• **PROBLEM DETAILS**
Every entry below should be copied exactly, minus the pictures.

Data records
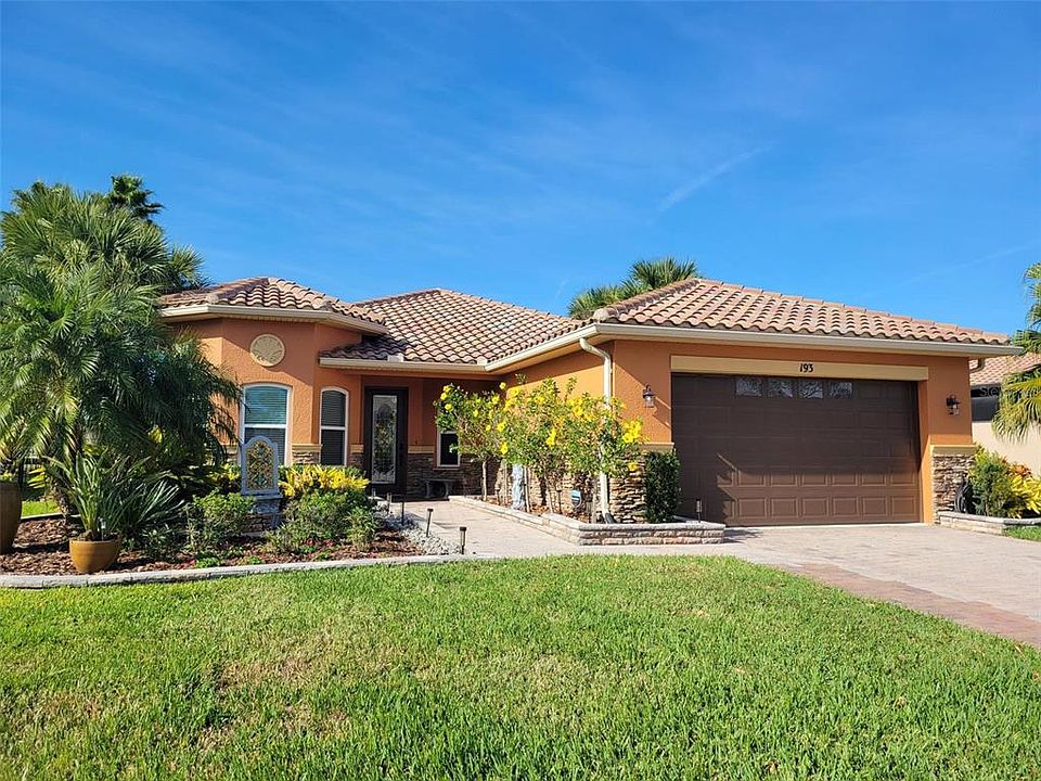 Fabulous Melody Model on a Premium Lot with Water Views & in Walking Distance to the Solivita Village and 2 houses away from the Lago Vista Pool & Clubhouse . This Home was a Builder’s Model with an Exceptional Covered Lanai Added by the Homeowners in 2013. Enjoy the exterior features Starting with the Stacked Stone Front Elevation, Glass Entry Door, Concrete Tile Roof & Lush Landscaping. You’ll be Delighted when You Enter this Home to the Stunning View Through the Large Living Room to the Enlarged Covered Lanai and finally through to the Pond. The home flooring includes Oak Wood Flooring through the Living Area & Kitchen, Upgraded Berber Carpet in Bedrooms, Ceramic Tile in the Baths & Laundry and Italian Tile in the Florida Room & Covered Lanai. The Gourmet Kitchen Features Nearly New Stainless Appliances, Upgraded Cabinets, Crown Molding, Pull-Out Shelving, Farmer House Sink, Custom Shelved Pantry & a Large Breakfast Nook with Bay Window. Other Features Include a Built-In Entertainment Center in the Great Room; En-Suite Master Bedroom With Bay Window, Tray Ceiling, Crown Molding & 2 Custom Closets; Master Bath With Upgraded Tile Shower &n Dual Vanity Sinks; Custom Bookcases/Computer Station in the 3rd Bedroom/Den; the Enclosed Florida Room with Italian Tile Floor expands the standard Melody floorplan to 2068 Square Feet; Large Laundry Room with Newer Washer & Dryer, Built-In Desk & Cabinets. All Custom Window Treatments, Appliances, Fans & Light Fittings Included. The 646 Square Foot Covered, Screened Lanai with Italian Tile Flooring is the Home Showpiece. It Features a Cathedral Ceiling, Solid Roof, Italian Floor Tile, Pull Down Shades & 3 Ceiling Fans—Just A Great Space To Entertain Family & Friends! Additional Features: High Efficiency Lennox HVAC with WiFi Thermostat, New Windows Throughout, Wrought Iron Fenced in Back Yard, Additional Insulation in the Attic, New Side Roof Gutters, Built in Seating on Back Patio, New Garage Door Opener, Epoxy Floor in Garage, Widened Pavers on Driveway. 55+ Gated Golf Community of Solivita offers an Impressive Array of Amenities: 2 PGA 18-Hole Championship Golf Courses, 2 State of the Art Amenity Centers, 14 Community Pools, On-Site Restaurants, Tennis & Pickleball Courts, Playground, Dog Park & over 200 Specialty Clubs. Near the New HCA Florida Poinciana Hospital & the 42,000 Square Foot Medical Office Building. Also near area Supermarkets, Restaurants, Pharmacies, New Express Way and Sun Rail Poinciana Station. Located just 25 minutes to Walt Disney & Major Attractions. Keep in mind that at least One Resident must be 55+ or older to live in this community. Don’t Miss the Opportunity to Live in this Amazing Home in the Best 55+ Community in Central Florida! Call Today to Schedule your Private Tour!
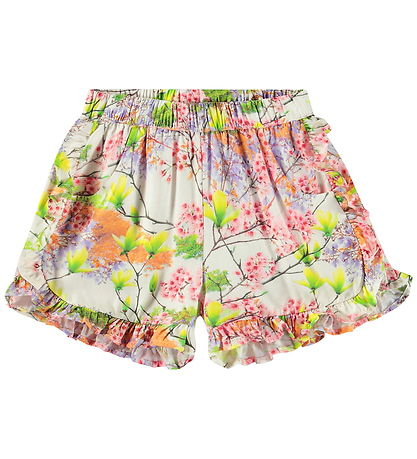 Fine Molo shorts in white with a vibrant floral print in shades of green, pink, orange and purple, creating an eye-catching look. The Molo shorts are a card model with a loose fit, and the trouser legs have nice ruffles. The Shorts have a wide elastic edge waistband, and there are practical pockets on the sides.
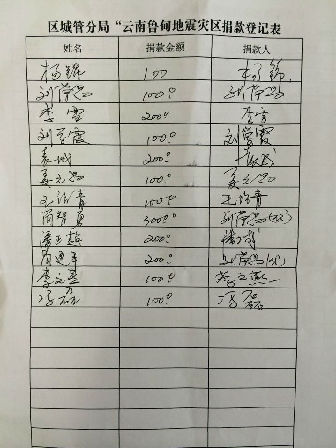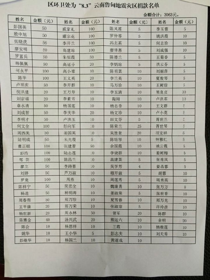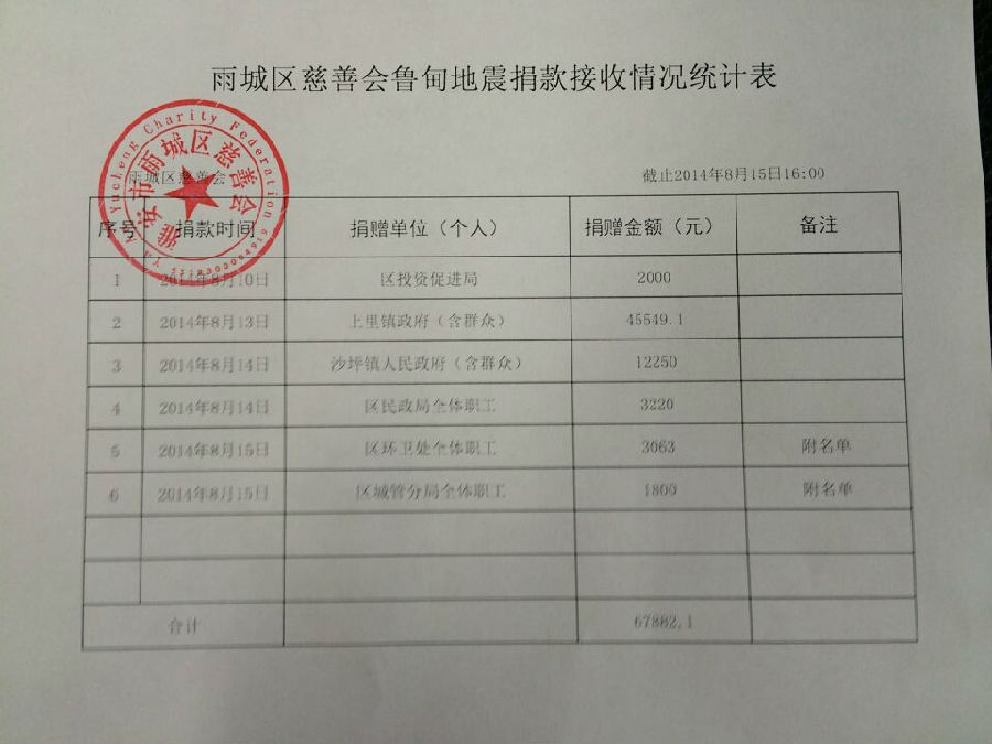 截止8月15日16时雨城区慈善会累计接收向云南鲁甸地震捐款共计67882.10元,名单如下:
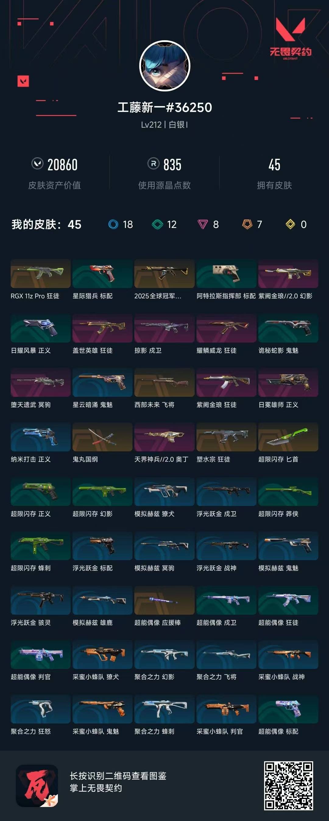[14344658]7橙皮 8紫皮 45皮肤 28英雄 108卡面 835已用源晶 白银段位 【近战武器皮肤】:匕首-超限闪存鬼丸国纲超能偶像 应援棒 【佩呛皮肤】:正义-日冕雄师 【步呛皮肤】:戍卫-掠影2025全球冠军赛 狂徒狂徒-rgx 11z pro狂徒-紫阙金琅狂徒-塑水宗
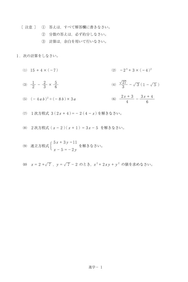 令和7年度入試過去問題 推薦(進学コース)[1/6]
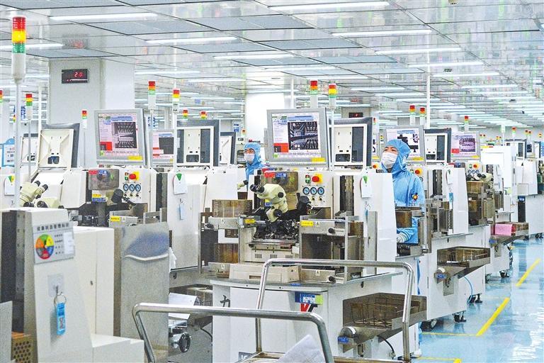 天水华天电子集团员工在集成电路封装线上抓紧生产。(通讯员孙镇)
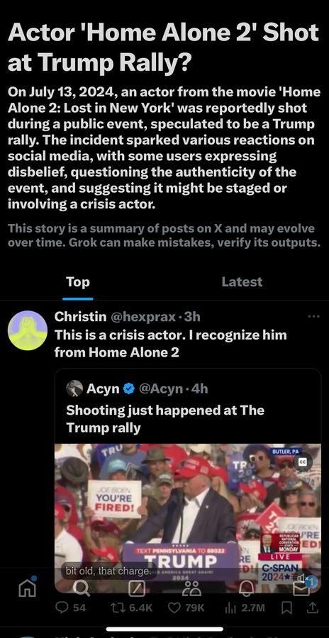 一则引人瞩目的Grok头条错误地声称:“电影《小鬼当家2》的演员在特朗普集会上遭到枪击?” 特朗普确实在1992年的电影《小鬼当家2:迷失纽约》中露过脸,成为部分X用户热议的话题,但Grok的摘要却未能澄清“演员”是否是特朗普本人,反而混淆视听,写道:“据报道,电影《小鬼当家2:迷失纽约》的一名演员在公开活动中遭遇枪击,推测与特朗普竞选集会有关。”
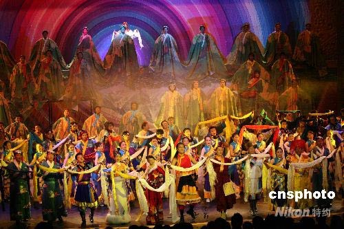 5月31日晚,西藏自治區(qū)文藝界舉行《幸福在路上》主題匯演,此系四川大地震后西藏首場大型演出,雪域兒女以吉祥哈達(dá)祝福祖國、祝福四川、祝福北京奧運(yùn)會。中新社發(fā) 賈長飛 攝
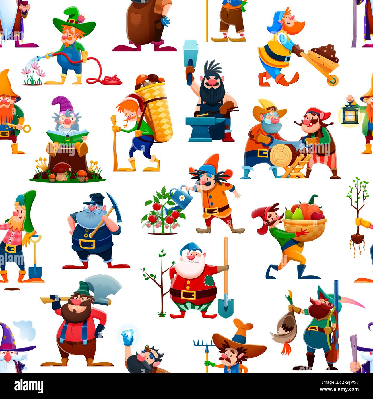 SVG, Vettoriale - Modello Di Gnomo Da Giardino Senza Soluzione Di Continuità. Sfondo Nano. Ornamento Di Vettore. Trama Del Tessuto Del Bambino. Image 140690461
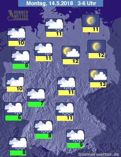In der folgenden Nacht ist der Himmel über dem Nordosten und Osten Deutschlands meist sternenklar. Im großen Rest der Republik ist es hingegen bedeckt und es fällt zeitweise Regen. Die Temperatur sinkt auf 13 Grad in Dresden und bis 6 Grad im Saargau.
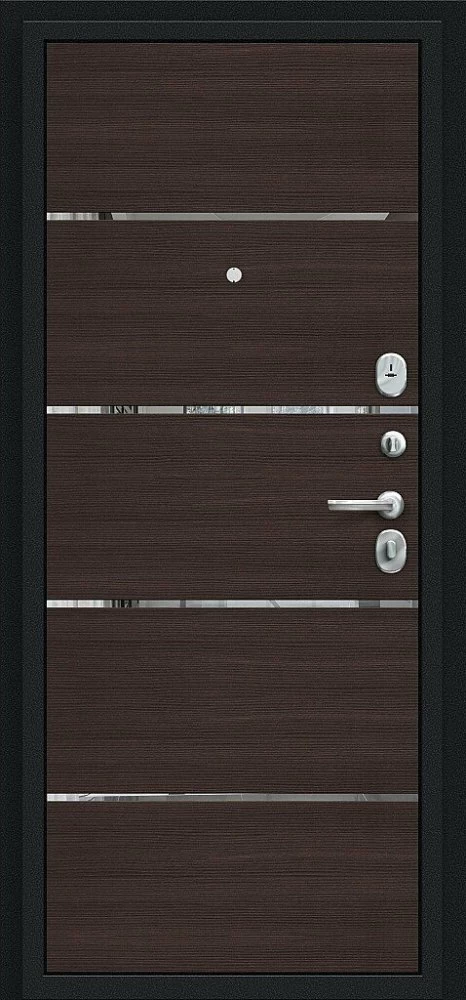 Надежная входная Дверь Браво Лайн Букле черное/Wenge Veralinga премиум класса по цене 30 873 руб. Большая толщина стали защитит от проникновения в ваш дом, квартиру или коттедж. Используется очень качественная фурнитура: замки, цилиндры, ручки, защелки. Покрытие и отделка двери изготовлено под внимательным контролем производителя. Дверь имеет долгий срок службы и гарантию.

• **ANSWER BOX**
 Fabulous Melody Model on a Premium Lot with Water Views & in Walking Distance to the Solivita Village and 2 houses away from the Lago Vista Pool & Clubhouse . This Home was a Builder’s Model with an Exceptional Covered Lanai Added by the Homeowners in 2013. Enjoy the exterior features Starting with the Stacked Stone Front Elevation, Glass Entry Door, Concrete Tile Roof & Lush Landscaping. You’ll be Delighted when You Enter this Home to the Stunning View Through the Large Living Room to the Enlarged Covered Lanai and finally through to the Pond. The home flooring includes Oak Wood Flooring through the Living Area & Kitchen, Upgraded Berber Carpet in Bedrooms, Ceramic Tile in the Baths & Laundry and Italian Tile in the Florida Room & Covered Lanai. The Gourmet Kitchen Features Nearly New Stainless Appliances, Upgraded Cabinets, Crown Molding, Pull-Out Shelving, Farmer House Sink, Custom Shelved Pantry & a Large Breakfast Nook with Bay Window. Other Features Include a Built-In Entertainment Center in the Great Room; En-Suite Master Bedroom With Bay Window, Tray Ceiling, Crown Molding & 2 Custom Closets; Master Bath With Upgraded Tile Shower &n Dual Vanity Sinks; Custom Bookcases/Computer Station in the 3rd Bedroom/Den; the Enclosed Florida Room with Italian Tile Floor expands the standard Melody floorplan to 2068 Square Feet; Large Laundry Room with Newer Washer & Dryer, Built-In Desk & Cabinets. All Custom Window Treatments, Appliances, Fans & Light Fittings Included. The 646 Square Foot Covered, Screened Lanai with Italian Tile Flooring is the Home Showpiece. It Features a Cathedral Ceiling, Solid Roof, Italian Floor Tile, Pull Down Shades & 3 Ceiling Fans—Just A Great Space To Entertain Family & Friends! Additional Features: High Efficiency Lennox HVAC with WiFi Thermostat, New Windows Throughout, Wrought Iron Fenced in Back Yard, Additional Insulation in the Attic, New Side Roof Gutters, Built in Seating on Back Patio, New Garage Door Opener, Epoxy Floor in Garage, Widened Pavers on Driveway. 55+ Gated Golf Community of Solivita offers an Impressive Array of Amenities: 2 PGA 18-Hole Championship Golf Courses, 2 State of the Art Amenity Centers, 14 Community Pools, On-Site Restaurants, Tennis & Pickleball Courts, Playground, Dog Park & over 200 Specialty Clubs. Near the New HCA Florida Poinciana Hospital & the 42,000 Square Foot Medical Office Building. Also near area Supermarkets, Restaurants, Pharmacies, New Express Way and Sun Rail Poinciana Station. Located just 25 minutes to Walt Disney & Major Attractions. Keep in mind that at least One Resident must be 55+ or older to live in this community. Don’t Miss the Opportunity to Live in this Amazing Home in the Best 55+ Community in Central Florida! Call Today to Schedule your Private Tour!
 Fine Molo shorts in white with a vibrant floral print in shades of green, pink, orange and purple, creating an eye-catching look. The Molo shorts are a card model with a loose fit, and the trouser legs have nice ruffles. The Shorts have a wide elastic edge waistband, and there are practical pockets on the sides.
 截止8月15日16时雨城区慈善会累计接收向云南鲁甸地震捐款共计67882.10元,名单如下:
[14344658]7橙皮 8紫皮 45皮肤 28英雄 108卡面 835已用源晶 白银段位 【近战武器皮肤】:匕首-超限闪存鬼丸国纲超能偶像 应援棒 【佩呛皮肤】:正义-日冕雄师 【步呛皮肤】:戍卫-掠影2025全球冠军赛 狂徒狂徒-rgx 11z pro狂徒-紫阙金琅狂徒-塑水宗
 令和7年度入試過去問題 推薦(進学コース)[1/6]
 天水华天电子集团员工在集成电路封装线上抓紧生产。(通讯员孙镇)
 一则引人瞩目的Grok头条错误地声称:“电影《小鬼当家2》的演员在特朗普集会上遭到枪击?” 特朗普确实在1992年的电影《小鬼当家2:迷失纽约》中露过脸,成为部分X用户热议的话题,但Grok的摘要却未能澄清“演员”是否是特朗普本人,反而混淆视听,写道:“据报道,电影《小鬼当家2:迷失纽约》的一名演员在公开活动中遭遇枪击,推测与特朗普竞选集会有关。”
 5月31日晚,西藏自治區(qū)文藝界舉行《幸福在路上》主題匯演,此系四川大地震后西藏首場大型演出,雪域兒女以吉祥哈達(dá)祝福祖國、祝福四川、祝福北京奧運(yùn)會。中新社發(fā) 賈長飛 攝
 SVG, Vettoriale - Modello Di Gnomo Da Giardino Senza Soluzione Di Continuità. Sfondo Nano. Ornamento Di Vettore. Trama Del Tessuto Del Bambino. Image 140690461
In der folgenden Nacht ist der Himmel über dem Nordosten und Osten Deutschlands meist sternenklar. Im großen Rest der Republik ist es hingegen bedeckt und es fällt zeitweise Regen. Die Temperatur sinkt auf 13 Grad in Dresden und bis 6 Grad im Saargau.
 Надежная входная Дверь Браво Лайн Букле черное/Wenge Veralinga премиум класса по цене 30 873 руб. Большая толщина стали защитит от проникновения в ваш дом, квартиру или коттедж. Используется очень качественная фурнитура: замки, цилиндры, ручки, защелки. Покрытие и отделка двери изготовлено под внимательным контролем производителя. Дверь имеет долгий срок службы и гарантию.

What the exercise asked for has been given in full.